Unlike the other types of brain tumours that I mentioned in the section Introduction to Brain Tumours which are induced by random mutations in genes because of exposure to mutagens, there are certain types of brain tumours that can be passed on from generation to generation because of the loss of tumour suppressor genes. These disorders are all autosomal dominant, and there are four well-known types of familial tumour syndromes, and in the past they were labelled as ‘neurophakomatoses’ because they manifested both within the nervous system and the cutaneous (skin) system. These syndromes are known as neurofibromatosis (types 1 and 2), tuberous sclerosis and von Hippel-Lindau disease. The symptoms associated with these conditions, like other brain tumours, are dependent on where in the brain the tumours are located.
What are the similarities and the differences between type 1 and
type 2 neurofibromatosis?
Neurofibromatosis is well-known for the presence of neurofibromas, which as the picture alongside demonstrates, are harmless lumps that grow anywhere on the surface on the skin. There are two types: solitary (which is self-explanatory) and plexiform neurofibromas, which can cause alterations in appearance due to the bundling effect. Type 1 NF is much more common than type 2 NF, however in type 1, there may or may not be a link between the genetic mutation and the disease, however there is always some degree of correlation in type 2 NF. I’ll discuss each of them briefly below.
Type 1 Neurofibromatosis
Type 1 neurofibromatosis is characterised by tumours in and around the eye and the skin area. There are several types of tumours associated with this condition, including gliomas of the optic nerve and neurofibromas. Also, there are unique diagnostic features associated with this disease, known as Lisch nodules and cafe au lait spots: these features are seen in the iris and macula of the eye, respectively. People that develop neurofibromas have a higher risk of developing malignant tumours than the normal population. Like I mentioned earlier, despite the fact that someone may have the NF1 genetic mutation, they may through life asymptomatically, whereas others may go through progressive deterioration with compression of the spinal cord, disfiguring lesions and other spinal deformities.
Type 2 Neurofibromatosis
Type 2 neurofibromatosis is characterized by tumours within the meninges (meningiomas) and tumours within the ear canal, otherwise known as bilateral vestibular or acoustic schwannomas. Additionally, there be ependymomas present within the spinal cord, as well as non-neoplastic lesions within the neurons composed of inappropriately placed glial or Schwann cells.
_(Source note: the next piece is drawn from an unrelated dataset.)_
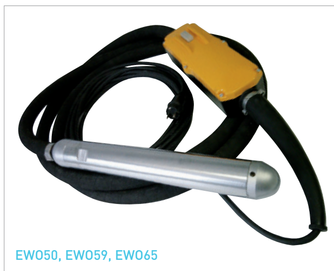
EWO50, EWO59, EWO65
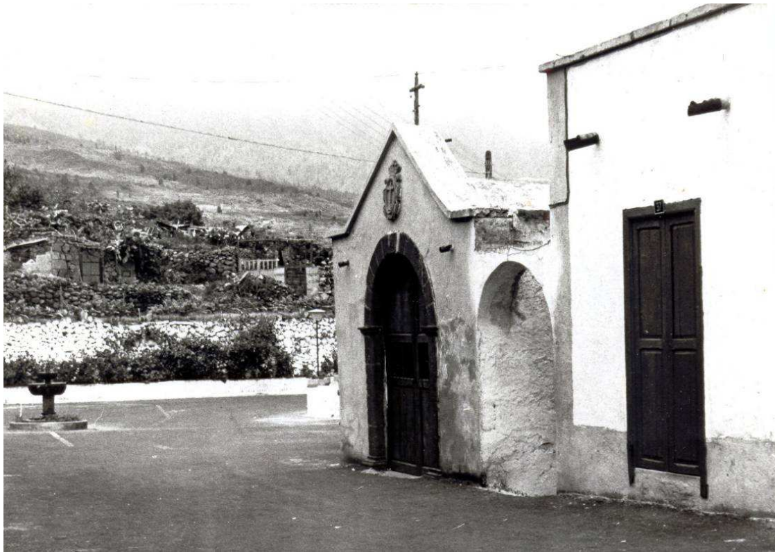
La Capilla tiene una puerta interior de comunicación con la casa de los propietarios. De la plazoleta anexa sale la popular Romería de San Agustín.

Tuberous sclerosis is a condition which results from mutations within the TSC-1 and TSC-2 genes. TSC-1 is the gene which encodes hamartin and TSC-2 encodes tuberin. They are both tumour-suppressing genes, and their proteins are involved in the rate of cellular division and protein synthesis within neurons. When these genes are mutated benign tumours and hamartomas (non-tumour structures resulting from faulty organ development) grows within the brain and other tissues. A table outlining the different types of abnormalities that develop is seen below:
Von Hippel-Lindau Disease
Von Hippel-Lindau disease is characterized by a mutation of the VHL gene: the protein controls the process of angiogenesis (blood vessel expansion). Like the previous types of tumours, it is autosomal dominant, and the patient may either develop cysts or haemoangioblastomas. The location of these abnormalities are discussed in the table below. The treatment for von Hippel-Lindau disease is targeted at the neoplasms which cause the symptoms, and it may include surgical resection and laser therapy in the case of haemoangioblastomas within the retinas.